#### Work instructions:
Give an unaltered copy of the listing below, minus its pictures.

#### Information supplied:
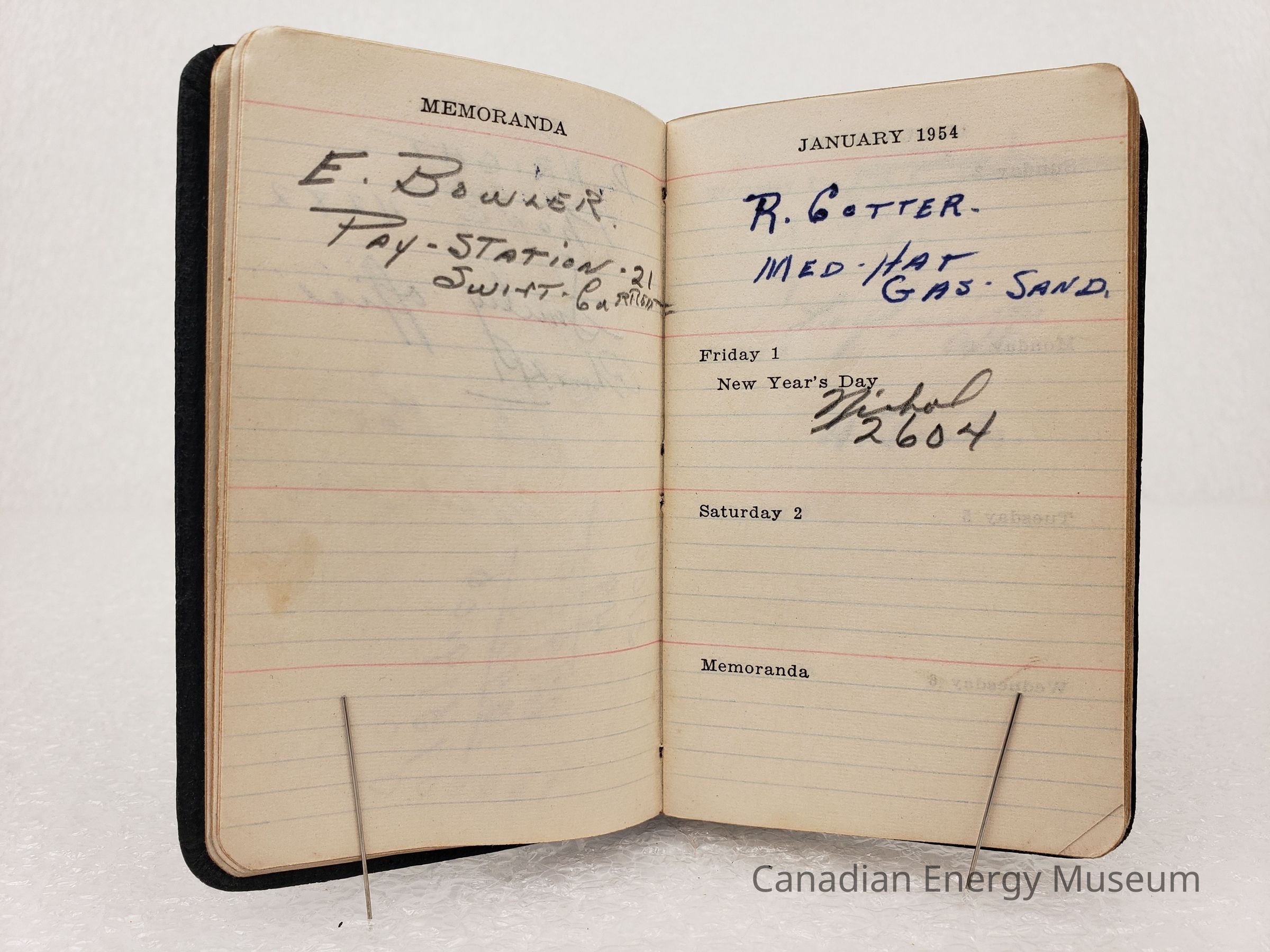 A pocket-sized planner/appointment book for 1954, branded to USS Oilwell.
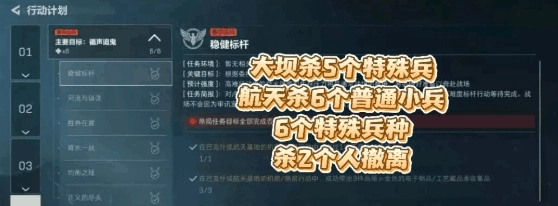 大坝杀5个特殊兵种,再去航天杀6个普通土兵,6个特殊兵种,杀2个人,中途不能断,需要起装备
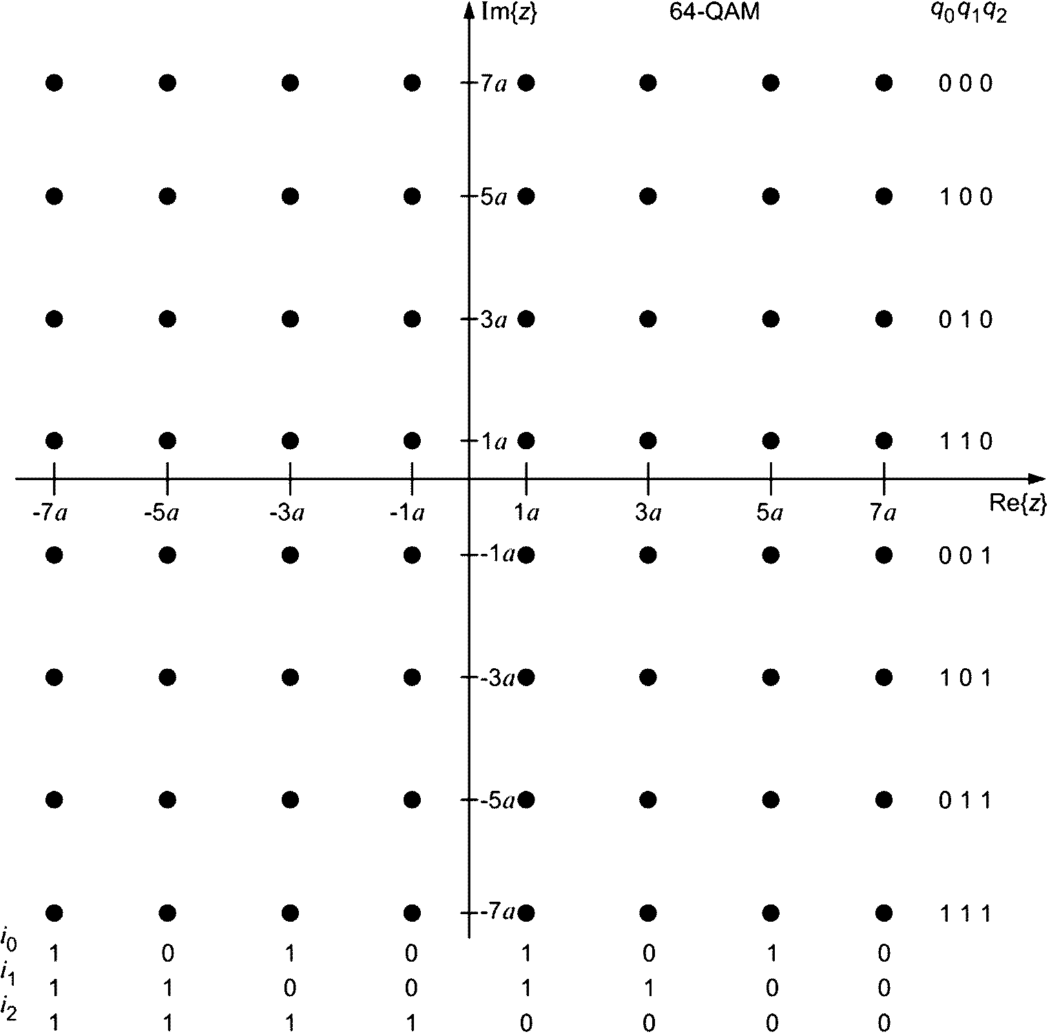 z согласно алфавиту модуляции, используемому для MSC (64-QAM или 16-QAM для режимов устойчивости A, B, C, D, см.
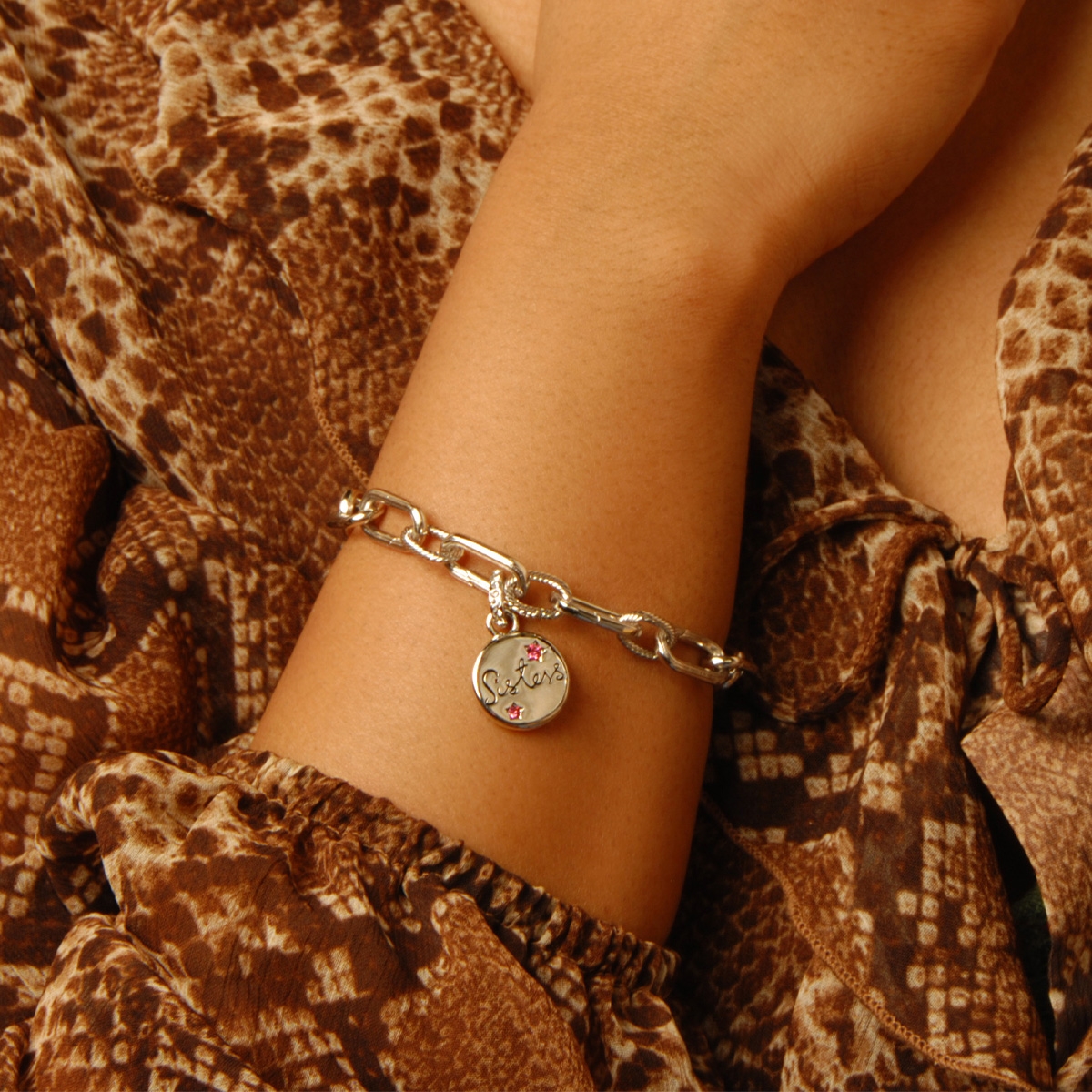 The special bond between sisters is like no other! Flaunting a beautiful rose colored Swarovski crystal and adorned with the word "Sisters", this special charm is the perfect addition to FAC's "I Truly Care" bracelet or "Finer Things" chain. Nickel and lead free jewellery.

#### Problem solution:
 A pocket-sized planner/appointment book for 1954, branded to USS Oilwell.
 大坝杀5个特殊兵种,再去航天杀6个普通土兵,6个特殊兵种,杀2个人,中途不能断,需要起装备
 z согласно алфавиту модуляции, используемому для MSC (64-QAM или 16-QAM для режимов устойчивости A, B, C, D, см.
 The special bond between sisters is like no other! Flaunting a beautiful rose colored Swarovski crystal and adorned with the word "Sisters", this special charm is the perfect addition to FAC's "I Truly Care" bracelet or "Finer Things" chain. Nickel and lead free jewellery.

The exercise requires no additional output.